Figure 11. SABA1 in the presence of AMAPCP (blue) was overlayed onto SABA1 in the presence of ADP (magenta). Note the position of the chlorine atoms (green) is flipped. Generated with PyMOL.

The docking results could provide an explanation of how SABA1 can simultaneously appear competitive versus ATP and uncompetitive versus ADP. ADP is necessary for efficient SABA1 binding as it positions the sulphonamide group in a favourable conformation to hydrogen bond to R292 and N290. In addition, the β-phosphate of ADP hydrogen bonds to SABA1 further enhancing the binding affinity. On the other hand, the presence of ATP forces SABA1 into an inverted conformation in which the sulphonamide group is not able to form hydrogen bonds to strengthen binding to BC.

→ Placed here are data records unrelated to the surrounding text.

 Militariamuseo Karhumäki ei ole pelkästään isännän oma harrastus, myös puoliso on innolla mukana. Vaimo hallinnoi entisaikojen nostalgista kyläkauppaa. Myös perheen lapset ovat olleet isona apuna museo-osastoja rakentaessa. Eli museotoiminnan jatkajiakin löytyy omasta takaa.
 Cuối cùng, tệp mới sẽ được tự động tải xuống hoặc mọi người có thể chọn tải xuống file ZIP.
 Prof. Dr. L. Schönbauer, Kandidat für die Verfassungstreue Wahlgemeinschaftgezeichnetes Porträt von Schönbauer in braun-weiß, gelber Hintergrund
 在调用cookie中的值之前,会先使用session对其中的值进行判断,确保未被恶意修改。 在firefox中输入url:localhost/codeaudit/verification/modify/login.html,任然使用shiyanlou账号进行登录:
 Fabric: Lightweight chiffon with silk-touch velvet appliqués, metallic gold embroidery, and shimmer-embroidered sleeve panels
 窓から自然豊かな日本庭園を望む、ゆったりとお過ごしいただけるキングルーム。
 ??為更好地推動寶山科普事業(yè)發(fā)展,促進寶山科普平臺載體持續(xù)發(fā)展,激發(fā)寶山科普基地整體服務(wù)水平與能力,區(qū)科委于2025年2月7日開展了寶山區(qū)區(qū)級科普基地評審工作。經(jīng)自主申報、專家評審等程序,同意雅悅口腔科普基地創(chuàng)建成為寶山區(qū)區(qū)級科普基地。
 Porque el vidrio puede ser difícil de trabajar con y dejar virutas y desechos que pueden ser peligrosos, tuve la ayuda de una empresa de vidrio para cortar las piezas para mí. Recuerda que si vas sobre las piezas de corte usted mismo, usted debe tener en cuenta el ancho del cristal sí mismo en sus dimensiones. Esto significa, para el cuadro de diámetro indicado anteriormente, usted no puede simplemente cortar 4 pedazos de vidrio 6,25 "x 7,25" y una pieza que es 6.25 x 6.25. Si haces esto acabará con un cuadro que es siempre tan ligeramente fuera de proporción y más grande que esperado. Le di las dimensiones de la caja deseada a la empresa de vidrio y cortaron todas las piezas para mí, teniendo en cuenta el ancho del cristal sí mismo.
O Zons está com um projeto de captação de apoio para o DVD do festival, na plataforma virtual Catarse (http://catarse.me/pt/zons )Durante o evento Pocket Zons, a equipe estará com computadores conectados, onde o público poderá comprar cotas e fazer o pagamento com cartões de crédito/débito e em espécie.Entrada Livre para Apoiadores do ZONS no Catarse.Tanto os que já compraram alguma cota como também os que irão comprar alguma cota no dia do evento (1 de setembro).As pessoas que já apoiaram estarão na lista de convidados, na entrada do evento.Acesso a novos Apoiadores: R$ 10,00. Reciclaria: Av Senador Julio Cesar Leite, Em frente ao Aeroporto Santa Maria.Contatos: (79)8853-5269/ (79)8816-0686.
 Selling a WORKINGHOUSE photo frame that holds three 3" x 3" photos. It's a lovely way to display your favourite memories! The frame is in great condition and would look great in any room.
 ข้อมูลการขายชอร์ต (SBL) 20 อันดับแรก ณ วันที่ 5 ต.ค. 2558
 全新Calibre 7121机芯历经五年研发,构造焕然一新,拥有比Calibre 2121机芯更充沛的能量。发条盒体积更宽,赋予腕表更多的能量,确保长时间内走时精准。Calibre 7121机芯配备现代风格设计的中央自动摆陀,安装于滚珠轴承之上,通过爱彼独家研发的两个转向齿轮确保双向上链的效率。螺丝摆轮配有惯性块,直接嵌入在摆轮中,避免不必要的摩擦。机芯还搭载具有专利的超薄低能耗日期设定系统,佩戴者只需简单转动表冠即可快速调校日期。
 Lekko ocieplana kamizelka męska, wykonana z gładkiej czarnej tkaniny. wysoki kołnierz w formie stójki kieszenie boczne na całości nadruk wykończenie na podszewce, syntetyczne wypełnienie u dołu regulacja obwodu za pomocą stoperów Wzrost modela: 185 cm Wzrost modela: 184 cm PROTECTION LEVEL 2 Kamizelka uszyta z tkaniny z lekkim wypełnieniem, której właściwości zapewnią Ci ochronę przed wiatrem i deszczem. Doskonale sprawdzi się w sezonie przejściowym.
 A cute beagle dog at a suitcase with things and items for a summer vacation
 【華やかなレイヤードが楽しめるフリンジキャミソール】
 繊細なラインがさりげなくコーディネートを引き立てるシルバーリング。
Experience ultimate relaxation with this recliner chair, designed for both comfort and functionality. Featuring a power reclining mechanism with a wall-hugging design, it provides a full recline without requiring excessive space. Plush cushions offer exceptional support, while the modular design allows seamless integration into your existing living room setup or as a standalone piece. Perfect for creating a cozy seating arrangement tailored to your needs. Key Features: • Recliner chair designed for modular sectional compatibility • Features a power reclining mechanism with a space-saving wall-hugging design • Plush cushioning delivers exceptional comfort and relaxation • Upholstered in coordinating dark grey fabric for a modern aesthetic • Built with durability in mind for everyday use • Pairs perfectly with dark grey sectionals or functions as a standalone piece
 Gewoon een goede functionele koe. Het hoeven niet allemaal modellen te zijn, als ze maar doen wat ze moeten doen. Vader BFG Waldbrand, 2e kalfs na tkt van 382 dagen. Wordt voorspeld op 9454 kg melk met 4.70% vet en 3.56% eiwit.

The residues involved in hydrogen bonding between SABA1 and ADP-bound BC (N290, R292, and R338) are all involved in BC catalysis^29,38,54. N290A and R292A mutations decrease the activity of BC 250-fold and 200-fold respectively²⁹, while a R338Q mutation decreases BC activity 100-fold⁵⁴. Thus, mutation of those residues to generate resistance to SABA1 binding would be lethal to the bacterium.

Summary

This report definitively shows that SABA1 does inhibit BC and it does so with an atypical mechanism. Moreover, SABA1 is the first known inhibitor of BC with antibacterial properties that does not bind in the ATP-binding site. All other known BC inhibitors with antibacterial properties bind in the ATP-binding site. Since, biotin carboxylase is highly conserved amongst bacteria species⁵⁵ and given that SABA1 is already effective against Gram-negative bacteria²⁸, it could serve as a scaffold for the development of novel antibiotics against the Gram-negative ESKAPE pathogens.

Disclosure statement

No potential conflict of interest was reported by the author(s).